The brief overviews presented in chapters 2, 3 and 4 clearly show that tsetse-trypanosomiasis is still a major constraint to livestock agriculture in West Africa, as increased rainfall in recent years has led to favourable habitats for tsetse flies in contrast to the drought conditions of the 1970s and 1980s. Furthermore, the problem of chemoresistance by livestock to the major trypanocidal drugs is spreading in the region. The need to employ a more integrated approach involving various tsetse-trypanosomiasis control methods, including the use of trypanotolerant livestock, has become even more acute now than in the past (FAO, 1998).
The major hindrance to the greater and wider-spread use of trypanotolerant livestock, especially in zero- to low-tsetse challenge areas, was the assumption that they are unproductive in view of their small size. Conclusions and comparisons made in the 1970s and early 1980s between trypanotolerant cattle and susceptible breeds (widely assumed to be more productive) established that this was not the case and that the contrary was in fact true.

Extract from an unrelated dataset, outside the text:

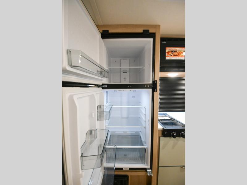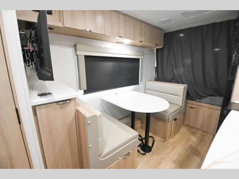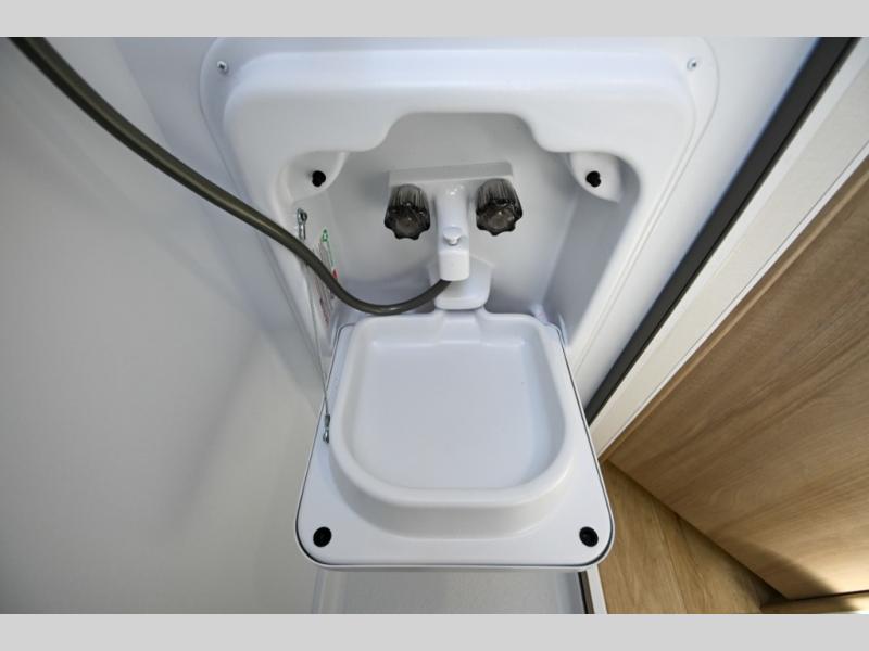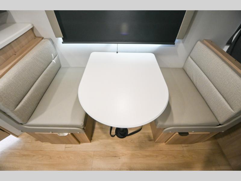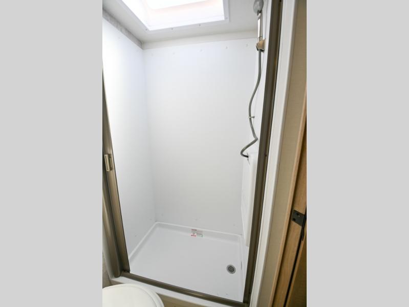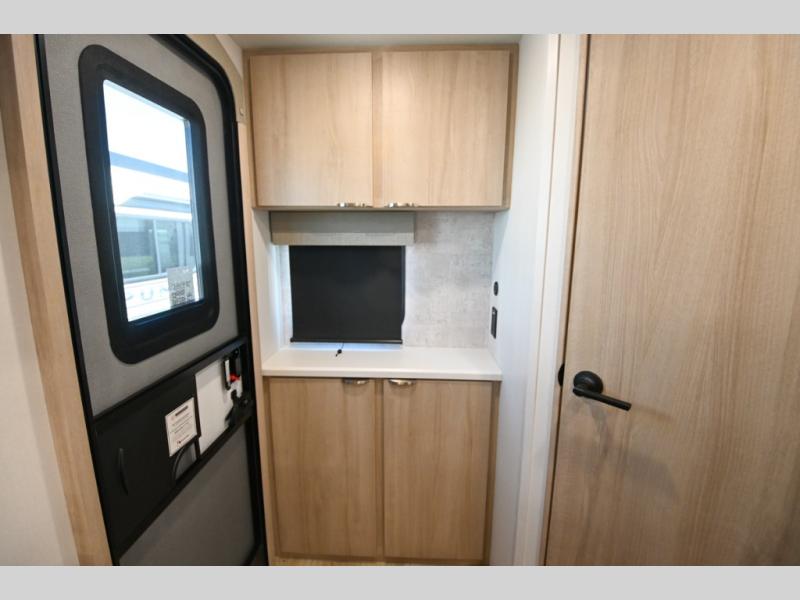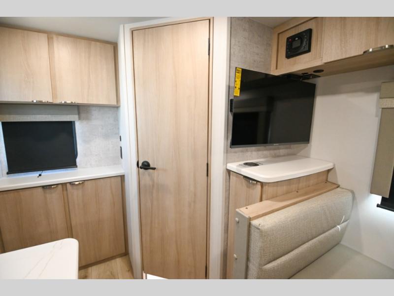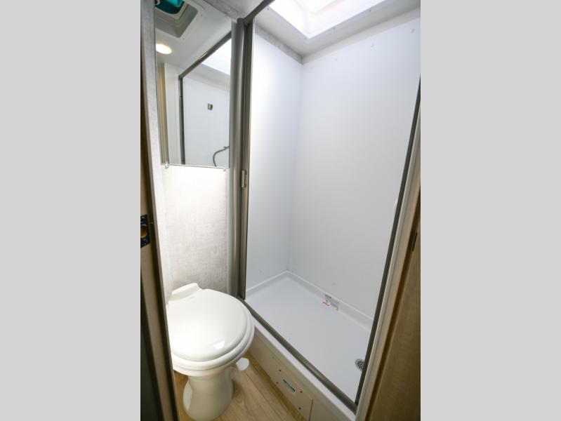 You will love this efficient floorplan that has everything you need! The front 54" x 74" full-size bed provides a great place to sleep after a long day of adventure. The galley kitchen is well-equipped for meals and includes a flip-up counter extension that will expand your work space or can be stowed away for more room. A pantry cabinet provides additional storage space. After cooking, you can enjoy dining at the spacious 74" x 32" booth dinette. A rear corner bath with angled entry door fits in a roomy 24" x 36" shower plus a fold down sink.

Further comparisons made in the late 1980s and early 1990s that took into account the milking and traction capacities of trypanotolerant livestock established that even in zero- to low-tsetse challenge areas, the biological productivity of trypanotolerant breeds is highly competitive. The missing information required to promote their wider use was their financial or economic competitiveness (de Haan, 1988). However, such data have been forthcoming in the late 1990s (e.g. Itty et al., 1997; FAO, 2003) and the emerging consensus is that given the number of other important diseases to which trypanotolerant livestock are apparently resistant or tolerant (Mattioli et al., 2000; Claxton and Leperre, 1991), trypanotolerant livestock will continue to play an important role in the development of livestock agriculture in West Africa.

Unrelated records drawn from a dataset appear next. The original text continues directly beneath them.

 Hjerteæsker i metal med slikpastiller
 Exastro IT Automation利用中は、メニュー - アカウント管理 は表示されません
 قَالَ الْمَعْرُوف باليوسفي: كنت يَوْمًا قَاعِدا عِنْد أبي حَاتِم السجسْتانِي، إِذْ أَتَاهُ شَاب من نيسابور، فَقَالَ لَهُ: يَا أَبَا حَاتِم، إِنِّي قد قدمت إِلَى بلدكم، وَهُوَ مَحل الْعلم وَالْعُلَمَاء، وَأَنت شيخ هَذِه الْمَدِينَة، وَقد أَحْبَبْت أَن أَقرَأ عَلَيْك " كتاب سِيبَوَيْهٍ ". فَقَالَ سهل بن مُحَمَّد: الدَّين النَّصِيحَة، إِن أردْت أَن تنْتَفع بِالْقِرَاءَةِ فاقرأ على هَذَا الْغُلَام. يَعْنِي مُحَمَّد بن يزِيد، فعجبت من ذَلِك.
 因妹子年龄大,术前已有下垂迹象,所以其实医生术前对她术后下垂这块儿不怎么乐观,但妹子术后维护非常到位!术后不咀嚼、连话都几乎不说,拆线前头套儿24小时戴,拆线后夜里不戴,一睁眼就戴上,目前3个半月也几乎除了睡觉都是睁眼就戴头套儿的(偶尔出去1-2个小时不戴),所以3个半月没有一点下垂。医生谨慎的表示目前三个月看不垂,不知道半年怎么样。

Currently, trypanotolerant livestock are playing significant roles in the control of tsetse-trypanosomiasis in that their use in tsetse-affected areas allows livestock production and related development to occur that would otherwise not be possible with other breeds. The continued use of these animals in the production systems not only assures the livelihood support for the families who keep them but also leads to the conservation of these unique breeds. Their presence reduces the need for tsetse eradication, the results of which may have an as yet unknown impact on land use. Furthermore, some field evidence suggests that the use of trypanotolerant livestock has the potential of reducing trypanosome loads in given locations in view of the low numbers of parasites found in them and their infrequent infection status.

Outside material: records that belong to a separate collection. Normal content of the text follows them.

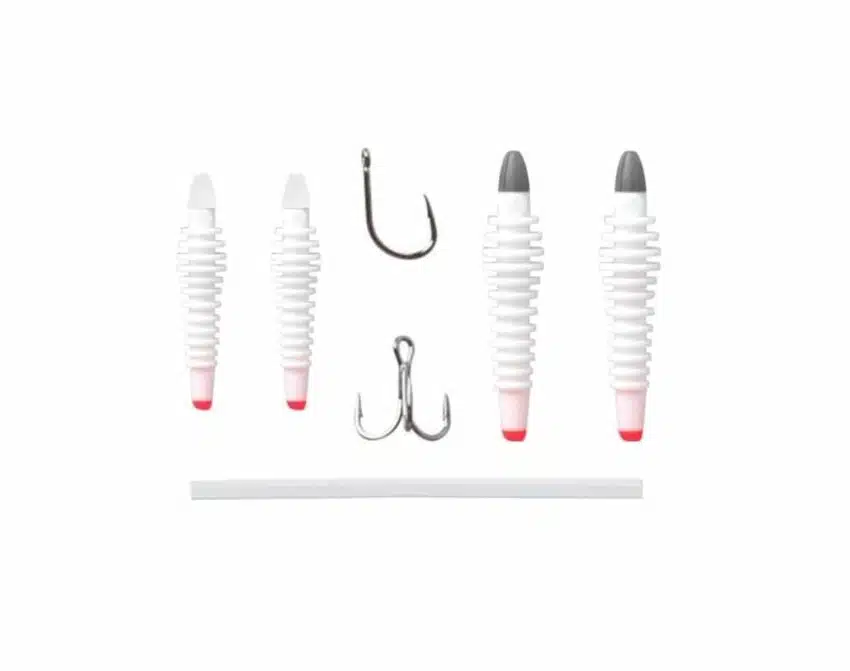 Trout Attack eller PowerBait presses fast i rillene på kjernen og krokene monteres enten som L-rig eller Rapala montage. I kombinasjon med INNO-TBH Form Spinner lager du et uimotståelig roterende spinnerblad på sekunder.
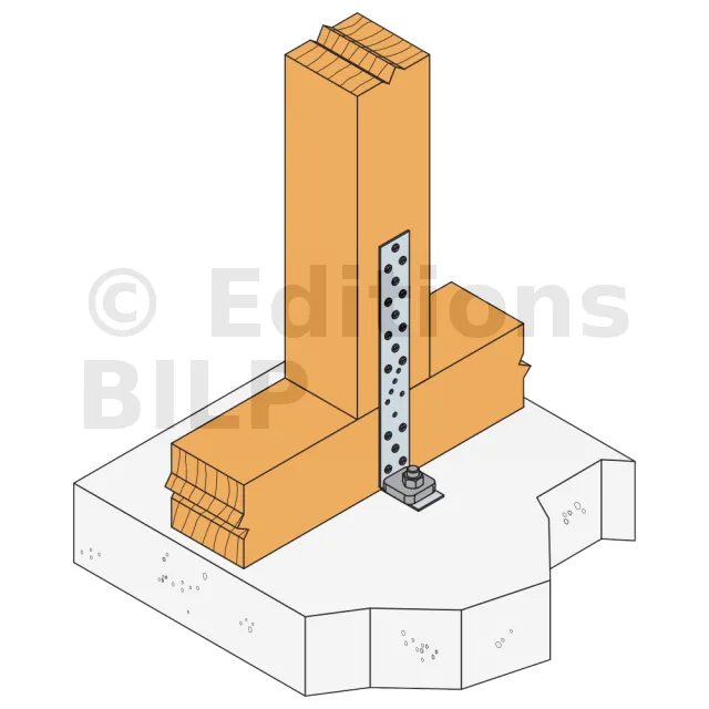- Ancrage chimique : résine AT-HP + tige filetée LMAS M12 avec un tfix supérieur à l’épaisseur de bois à traverser + 12 mm.
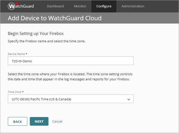 - Nombre — El nombre para identificar el Firebox en WatchGuard Cloud

Several factors have been identified as influencing the extent to which trypanotolerant livestock are used or will be used in the future. Among them are changes in ecological settings, production systems, perceptions about their value to producers and availability of results of technologies that have the potential to increase their numbers. In addition, a framework has been constructed that considers these factors by analysing and making decisions about where and under which conditions trypanotolerant livestock would be needed in the future as part of an integrated approach to tsetse-trypanosomiasis control. The expected responses by producers and planners to the use of these breeds and other control methods with changing tsetse-challenge situations, as shown in Table 10, suggest that the trypanotolerance trait will continue to be exploited to support both low-input and market-oriented systems in the future.
In summary, the utility of the decision rules elaborated in Snow and Rawlings (1999) and the predicted responses outlined in Table 10 based on the framework developed in this paper, indicate that planners need to consider a broad range of issues including producers and community leaders views when implementing the control or eradication of tsetse-trypanosomiasis.